> What is expected:
Only one stretch of lines is wanted: the line with "وَعَن عَاصِم قَالَ" through the final line of the material. Restate it word for word, minus pictures.

> Dataset content:
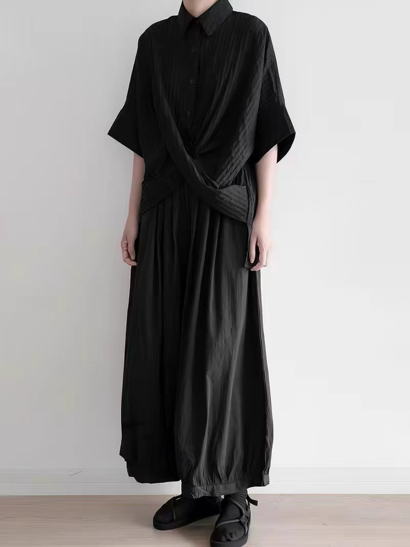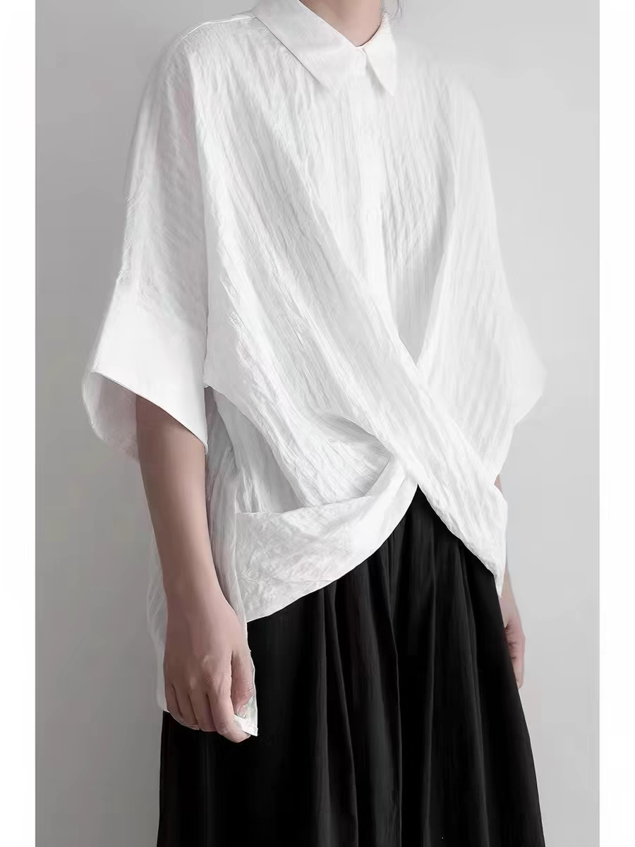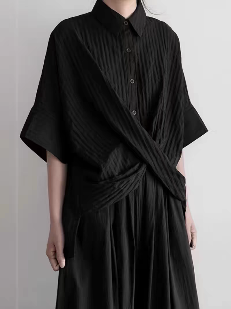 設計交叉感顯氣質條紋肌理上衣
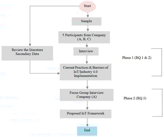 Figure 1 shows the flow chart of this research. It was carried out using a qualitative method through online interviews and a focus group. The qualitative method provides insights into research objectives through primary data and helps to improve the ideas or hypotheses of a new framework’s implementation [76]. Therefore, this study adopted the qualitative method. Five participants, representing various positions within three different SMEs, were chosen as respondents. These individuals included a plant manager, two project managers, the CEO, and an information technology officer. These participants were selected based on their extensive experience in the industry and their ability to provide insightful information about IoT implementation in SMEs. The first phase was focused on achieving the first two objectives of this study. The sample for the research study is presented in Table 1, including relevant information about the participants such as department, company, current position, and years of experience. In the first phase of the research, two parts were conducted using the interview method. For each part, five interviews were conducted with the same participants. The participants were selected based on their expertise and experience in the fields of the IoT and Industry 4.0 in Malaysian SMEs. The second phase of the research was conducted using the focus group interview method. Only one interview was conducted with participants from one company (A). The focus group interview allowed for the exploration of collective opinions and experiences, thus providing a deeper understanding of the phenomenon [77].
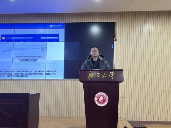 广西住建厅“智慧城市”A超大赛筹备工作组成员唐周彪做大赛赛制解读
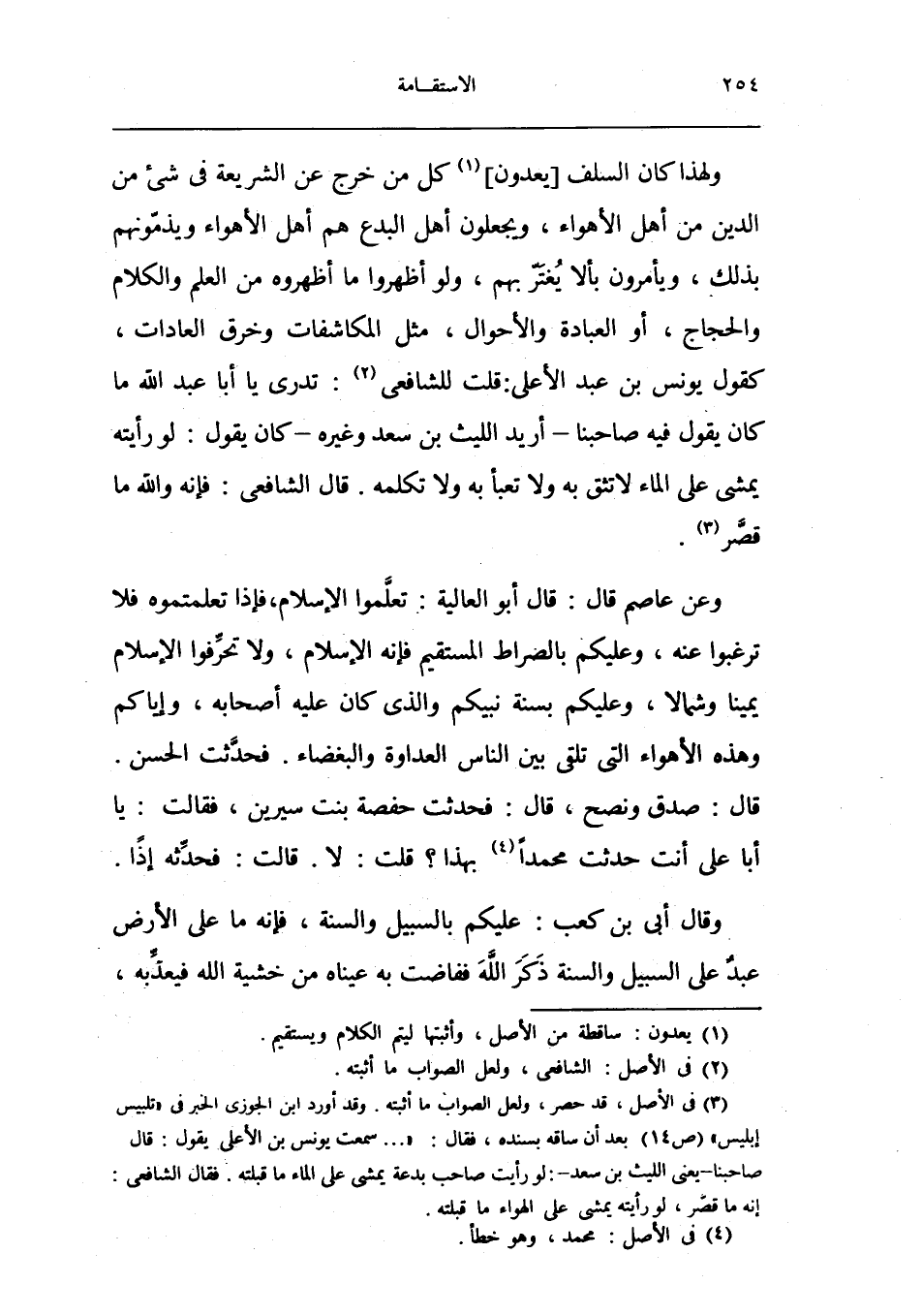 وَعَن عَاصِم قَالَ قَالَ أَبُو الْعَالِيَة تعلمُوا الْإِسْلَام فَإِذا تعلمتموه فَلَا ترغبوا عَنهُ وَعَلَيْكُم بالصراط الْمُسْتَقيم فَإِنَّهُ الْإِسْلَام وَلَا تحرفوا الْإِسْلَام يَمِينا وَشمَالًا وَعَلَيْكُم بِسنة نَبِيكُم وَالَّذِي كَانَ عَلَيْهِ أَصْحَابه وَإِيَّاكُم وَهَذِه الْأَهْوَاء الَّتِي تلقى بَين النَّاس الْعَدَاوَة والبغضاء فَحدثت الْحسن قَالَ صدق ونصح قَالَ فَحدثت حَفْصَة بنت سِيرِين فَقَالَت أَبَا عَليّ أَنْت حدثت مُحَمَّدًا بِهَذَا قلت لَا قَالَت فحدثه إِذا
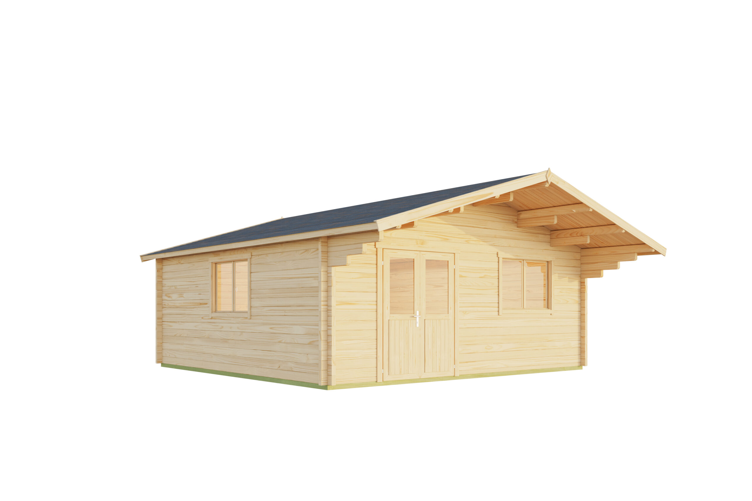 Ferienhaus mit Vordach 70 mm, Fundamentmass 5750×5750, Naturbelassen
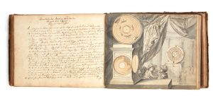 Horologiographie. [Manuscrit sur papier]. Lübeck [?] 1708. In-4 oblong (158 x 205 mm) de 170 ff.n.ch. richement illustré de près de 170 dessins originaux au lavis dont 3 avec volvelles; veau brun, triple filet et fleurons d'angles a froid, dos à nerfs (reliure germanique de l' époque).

> Response for this exercise:
 وَعَن عَاصِم قَالَ قَالَ أَبُو الْعَالِيَة تعلمُوا الْإِسْلَام فَإِذا تعلمتموه فَلَا ترغبوا عَنهُ وَعَلَيْكُم بالصراط الْمُسْتَقيم فَإِنَّهُ الْإِسْلَام وَلَا تحرفوا الْإِسْلَام يَمِينا وَشمَالًا وَعَلَيْكُم بِسنة نَبِيكُم وَالَّذِي كَانَ عَلَيْهِ أَصْحَابه وَإِيَّاكُم وَهَذِه الْأَهْوَاء الَّتِي تلقى بَين النَّاس الْعَدَاوَة والبغضاء فَحدثت الْحسن قَالَ صدق ونصح قَالَ فَحدثت حَفْصَة بنت سِيرِين فَقَالَت أَبَا عَليّ أَنْت حدثت مُحَمَّدًا بِهَذَا قلت لَا قَالَت فحدثه إِذا
 Ferienhaus mit Vordach 70 mm, Fundamentmass 5750×5750, Naturbelassen
 Horologiographie. [Manuscrit sur papier]. Lübeck [?] 1708. In-4 oblong (158 x 205 mm) de 170 ff.n.ch. richement illustré de près de 170 dessins originaux au lavis dont 3 avec volvelles; veau brun, triple filet et fleurons d'angles a froid, dos à nerfs (reliure germanique de l' époque).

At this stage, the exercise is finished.